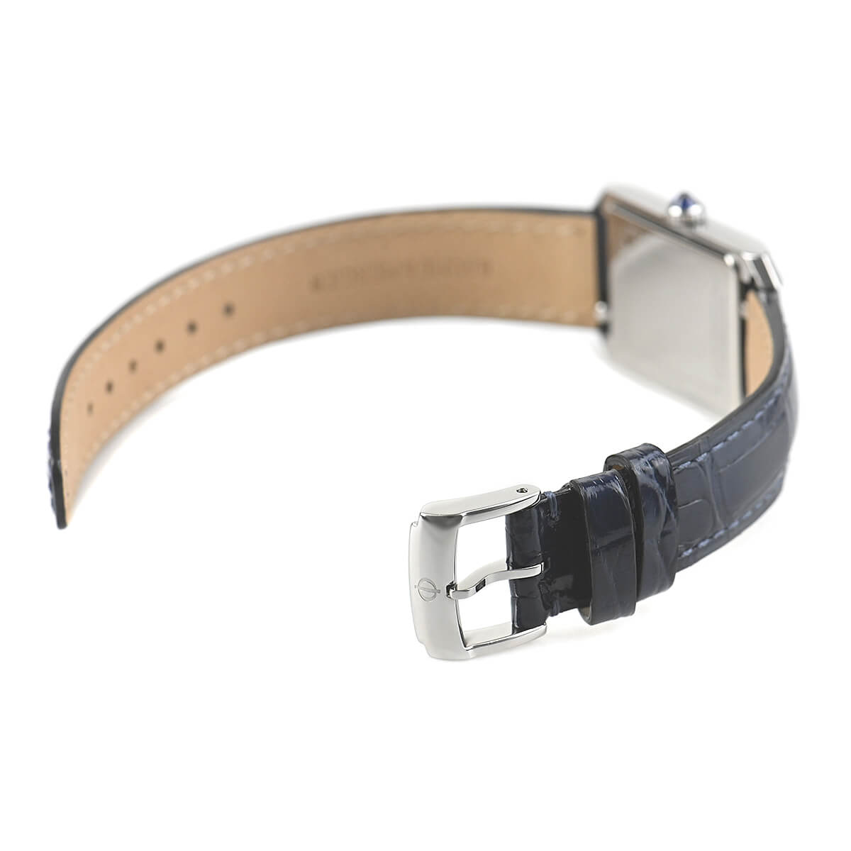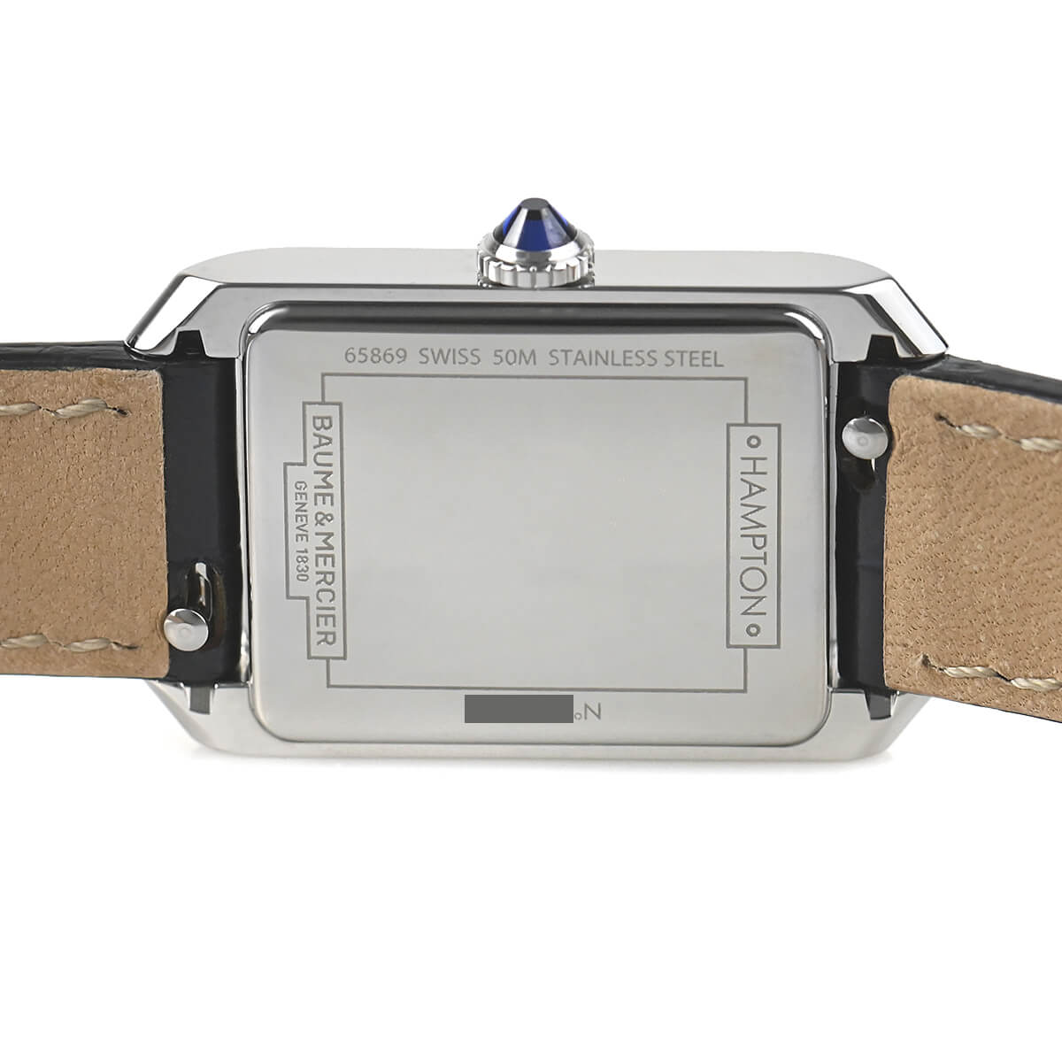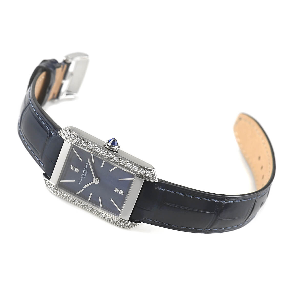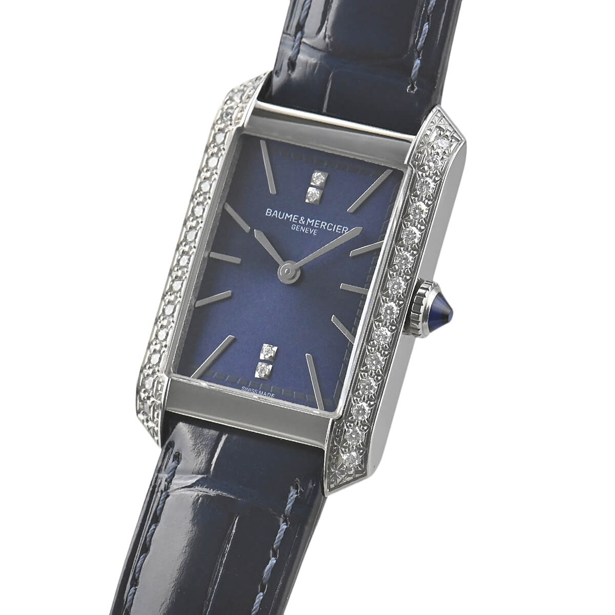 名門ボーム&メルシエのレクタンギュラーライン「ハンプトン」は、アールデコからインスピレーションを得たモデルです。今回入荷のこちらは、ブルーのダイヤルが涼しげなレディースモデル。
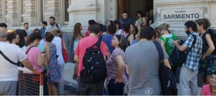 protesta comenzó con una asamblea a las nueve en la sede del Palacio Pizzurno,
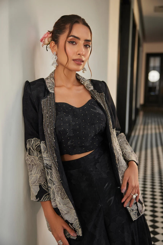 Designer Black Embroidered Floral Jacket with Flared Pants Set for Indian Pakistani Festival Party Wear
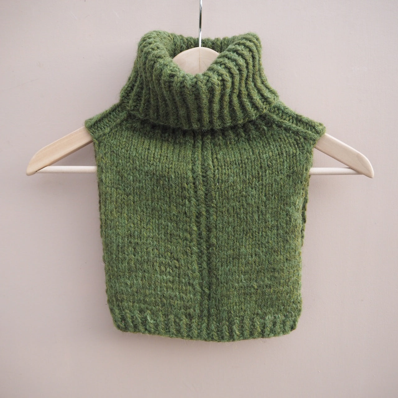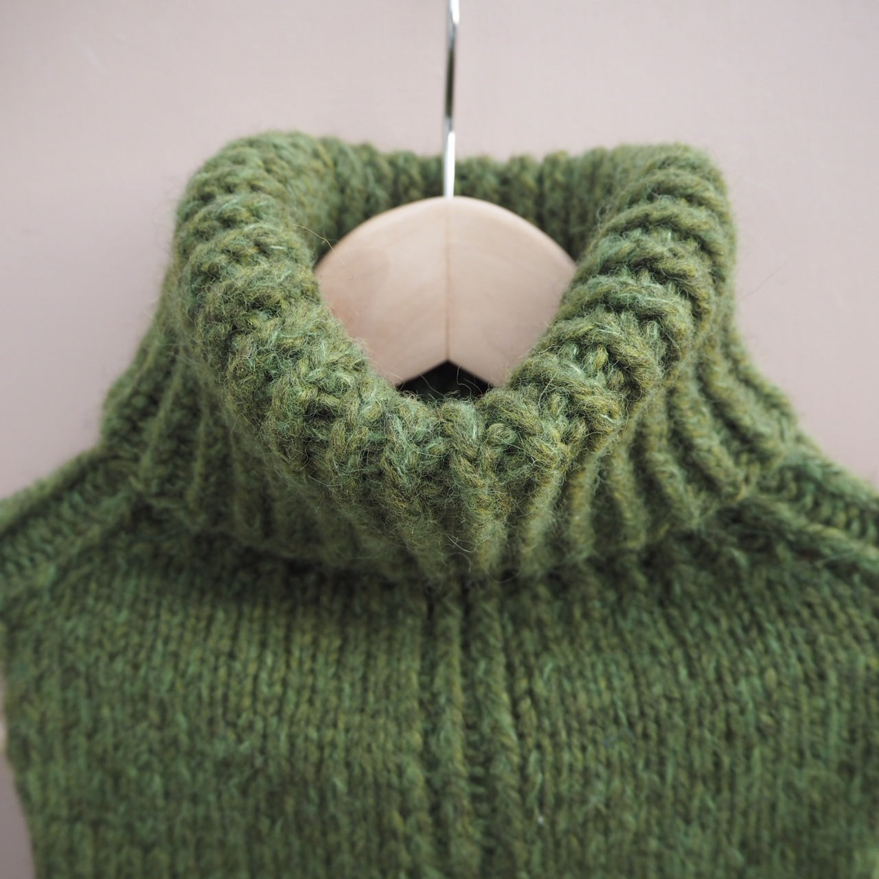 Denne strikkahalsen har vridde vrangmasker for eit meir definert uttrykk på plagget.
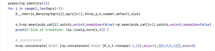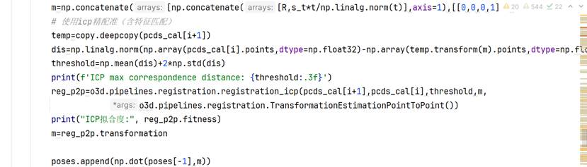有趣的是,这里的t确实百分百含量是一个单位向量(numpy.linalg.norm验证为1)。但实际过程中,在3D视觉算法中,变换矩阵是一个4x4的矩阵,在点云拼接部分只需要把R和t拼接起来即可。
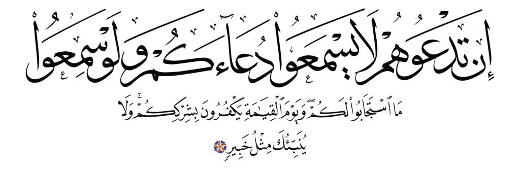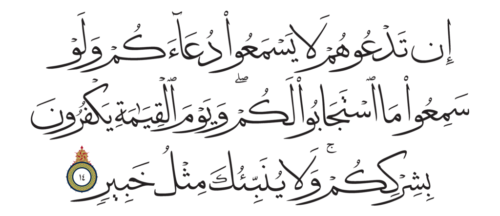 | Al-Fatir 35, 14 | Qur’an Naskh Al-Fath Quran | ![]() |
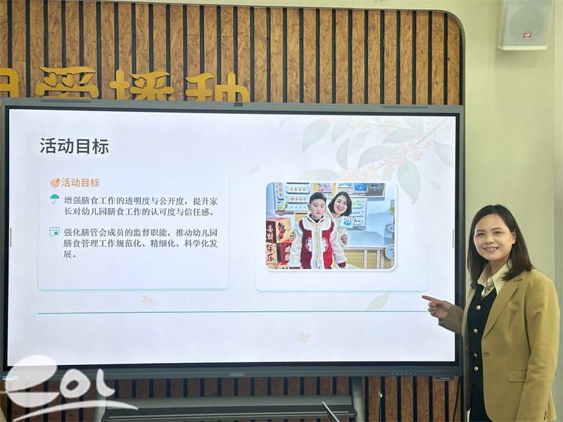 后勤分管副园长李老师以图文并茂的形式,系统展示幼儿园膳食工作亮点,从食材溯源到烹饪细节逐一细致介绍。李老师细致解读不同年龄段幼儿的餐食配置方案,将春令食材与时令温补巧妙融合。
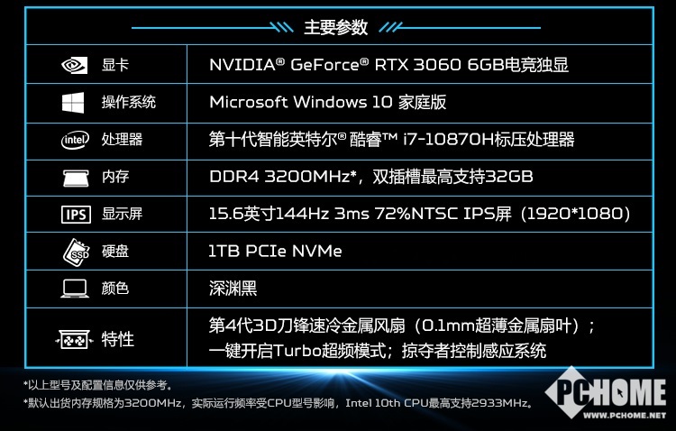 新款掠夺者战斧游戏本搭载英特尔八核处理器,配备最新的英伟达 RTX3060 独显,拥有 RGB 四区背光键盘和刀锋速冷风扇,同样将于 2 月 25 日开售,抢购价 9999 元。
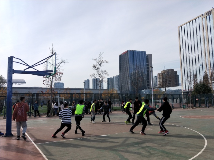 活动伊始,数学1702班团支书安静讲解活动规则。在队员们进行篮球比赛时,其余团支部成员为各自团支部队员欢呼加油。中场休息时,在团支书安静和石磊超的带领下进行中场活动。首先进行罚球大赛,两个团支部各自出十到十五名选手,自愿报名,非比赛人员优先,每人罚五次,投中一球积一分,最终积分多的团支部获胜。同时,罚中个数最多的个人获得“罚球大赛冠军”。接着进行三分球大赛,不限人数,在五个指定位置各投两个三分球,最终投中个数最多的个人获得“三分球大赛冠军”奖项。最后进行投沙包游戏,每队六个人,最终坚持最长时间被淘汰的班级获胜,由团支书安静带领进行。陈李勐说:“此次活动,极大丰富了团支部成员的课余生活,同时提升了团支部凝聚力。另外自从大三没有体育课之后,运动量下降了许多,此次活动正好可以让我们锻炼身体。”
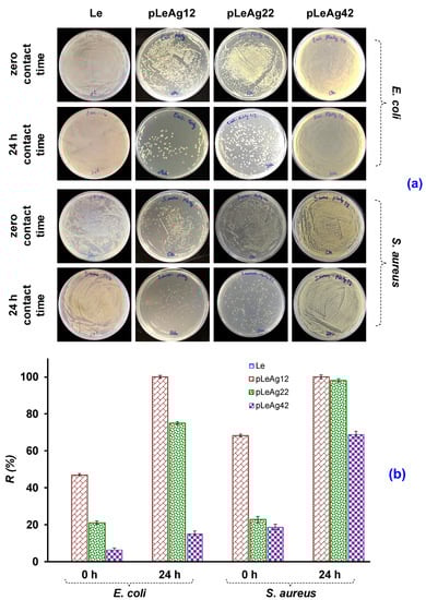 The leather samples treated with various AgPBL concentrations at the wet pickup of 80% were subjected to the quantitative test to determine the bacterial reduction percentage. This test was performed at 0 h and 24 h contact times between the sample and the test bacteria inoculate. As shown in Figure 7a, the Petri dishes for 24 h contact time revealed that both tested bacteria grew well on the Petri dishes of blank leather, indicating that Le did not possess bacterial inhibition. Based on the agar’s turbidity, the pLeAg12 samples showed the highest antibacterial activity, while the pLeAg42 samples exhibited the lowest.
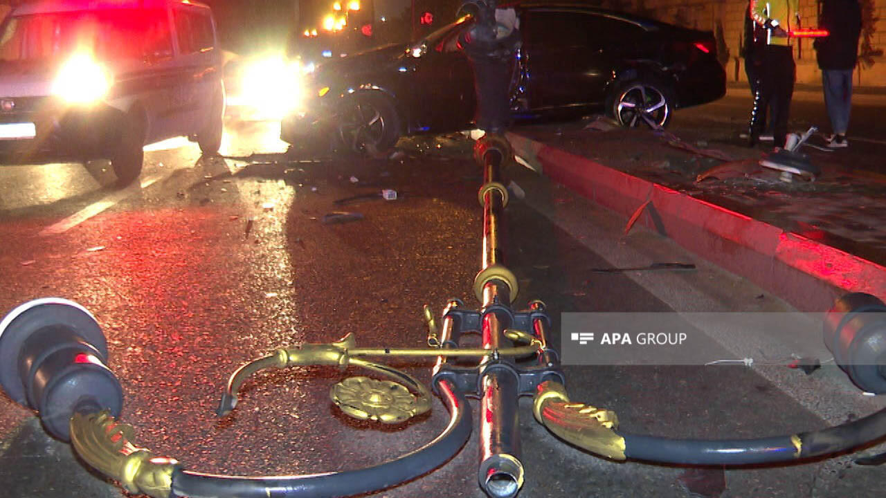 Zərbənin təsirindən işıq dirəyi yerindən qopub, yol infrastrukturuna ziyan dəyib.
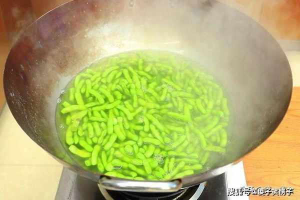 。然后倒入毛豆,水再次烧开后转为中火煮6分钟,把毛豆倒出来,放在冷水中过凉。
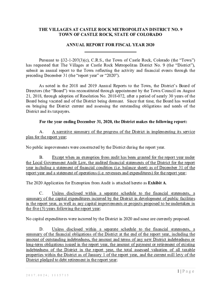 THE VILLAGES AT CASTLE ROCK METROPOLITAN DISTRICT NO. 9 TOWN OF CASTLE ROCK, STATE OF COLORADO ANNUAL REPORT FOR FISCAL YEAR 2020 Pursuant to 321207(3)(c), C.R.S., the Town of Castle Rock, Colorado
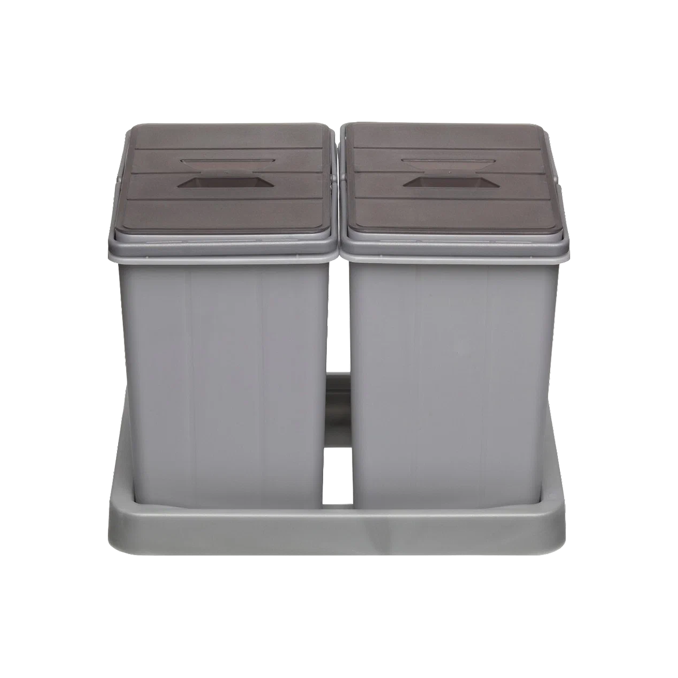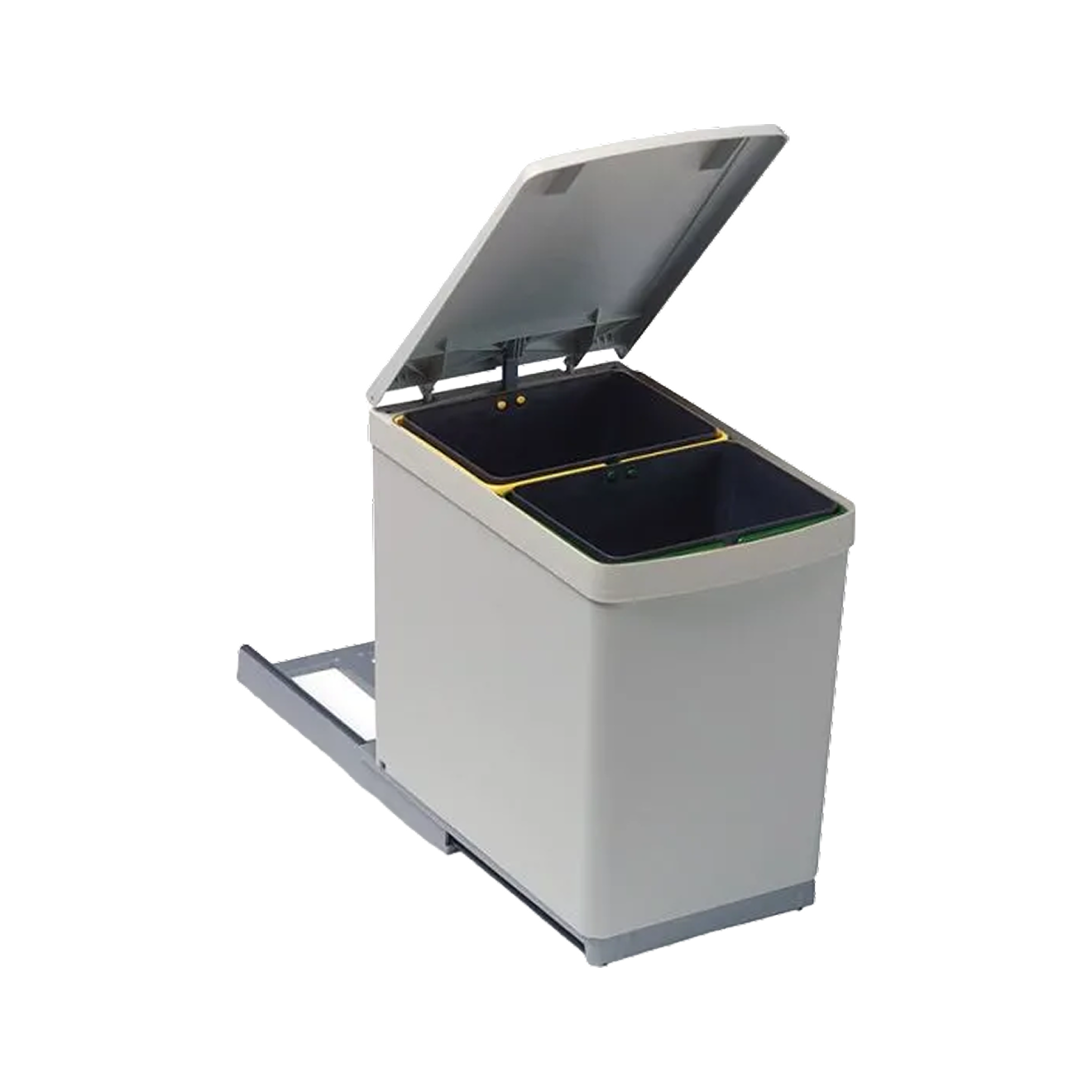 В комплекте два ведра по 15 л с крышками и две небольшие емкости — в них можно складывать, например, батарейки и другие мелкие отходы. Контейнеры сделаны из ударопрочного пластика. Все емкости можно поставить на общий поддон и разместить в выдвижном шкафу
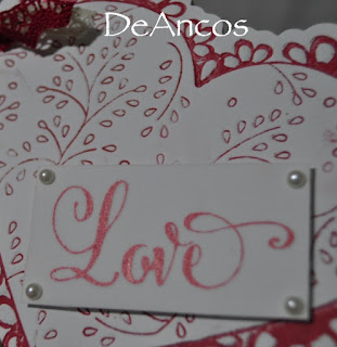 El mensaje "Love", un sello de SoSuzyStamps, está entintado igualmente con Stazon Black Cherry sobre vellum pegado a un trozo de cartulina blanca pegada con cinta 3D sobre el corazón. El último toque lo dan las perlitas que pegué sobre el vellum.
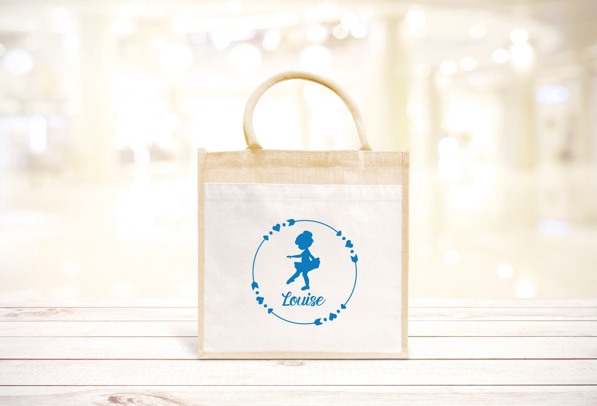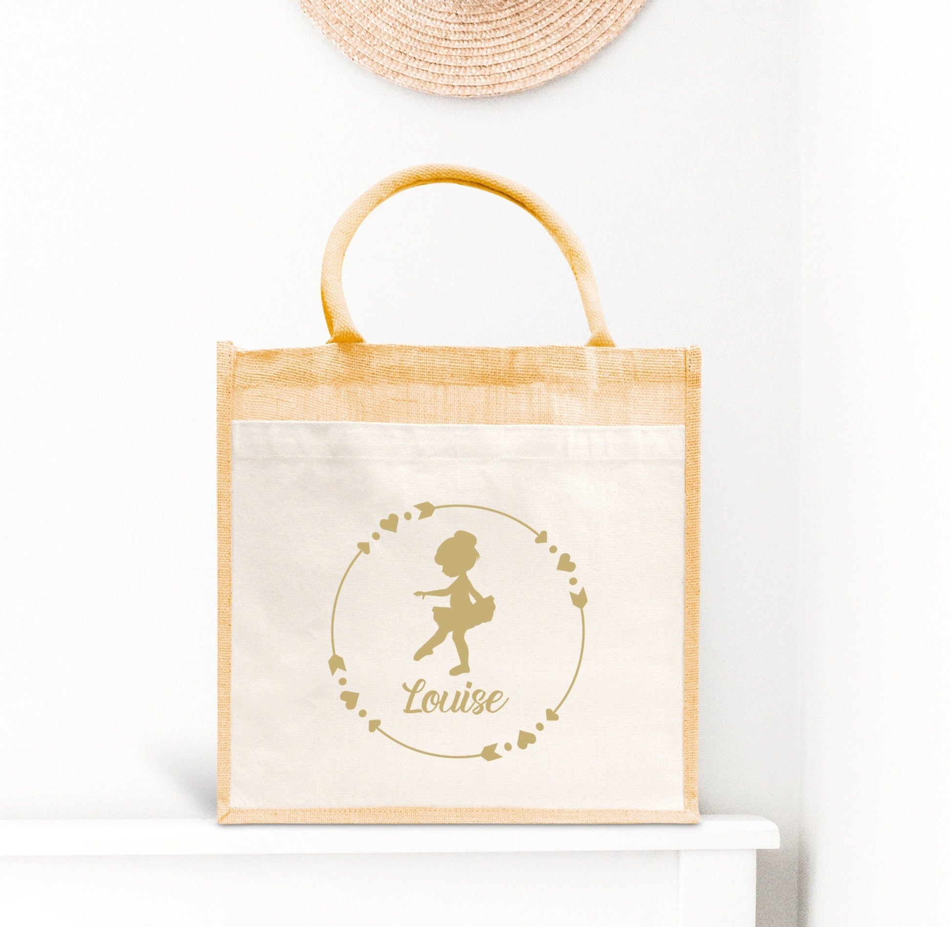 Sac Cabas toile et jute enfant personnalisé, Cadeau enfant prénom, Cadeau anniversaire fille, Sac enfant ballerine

★ ★ ★

# WORK TO COMPLETE:
Transcribe, from the material above, the stretch starting at the line with "The leather samples" and ending at the line with "sobre el vellum.", both included, exactly. Do not carry over pictures.

# TASK RESULT:
 The leather samples treated with various AgPBL concentrations at the wet pickup of 80% were subjected to the quantitative test to determine the bacterial reduction percentage. This test was performed at 0 h and 24 h contact times between the sample and the test bacteria inoculate. As shown in Figure 7a, the Petri dishes for 24 h contact time revealed that both tested bacteria grew well on the Petri dishes of blank leather, indicating that Le did not possess bacterial inhibition. Based on the agar’s turbidity, the pLeAg12 samples showed the highest antibacterial activity, while the pLeAg42 samples exhibited the lowest.
 Zərbənin təsirindən işıq dirəyi yerindən qopub, yol infrastrukturuna ziyan dəyib.
 。然后倒入毛豆,水再次烧开后转为中火煮6分钟,把毛豆倒出来,放在冷水中过凉。
 THE VILLAGES AT CASTLE ROCK METROPOLITAN DISTRICT NO. 9 TOWN OF CASTLE ROCK, STATE OF COLORADO ANNUAL REPORT FOR FISCAL YEAR 2020 Pursuant to 321207(3)(c), C.R.S., the Town of Castle Rock, Colorado
 В комплекте два ведра по 15 л с крышками и две небольшие емкости — в них можно складывать, например, батарейки и другие мелкие отходы. Контейнеры сделаны из ударопрочного пластика. Все емкости можно поставить на общий поддон и разместить в выдвижном шкафу
 El mensaje "Love", un sello de SoSuzyStamps, está entintado igualmente con Stazon Black Cherry sobre vellum pegado a un trozo de cartulina blanca pegada con cinta 3D sobre el corazón. El último toque lo dan las perlitas que pegué sobre el vellum.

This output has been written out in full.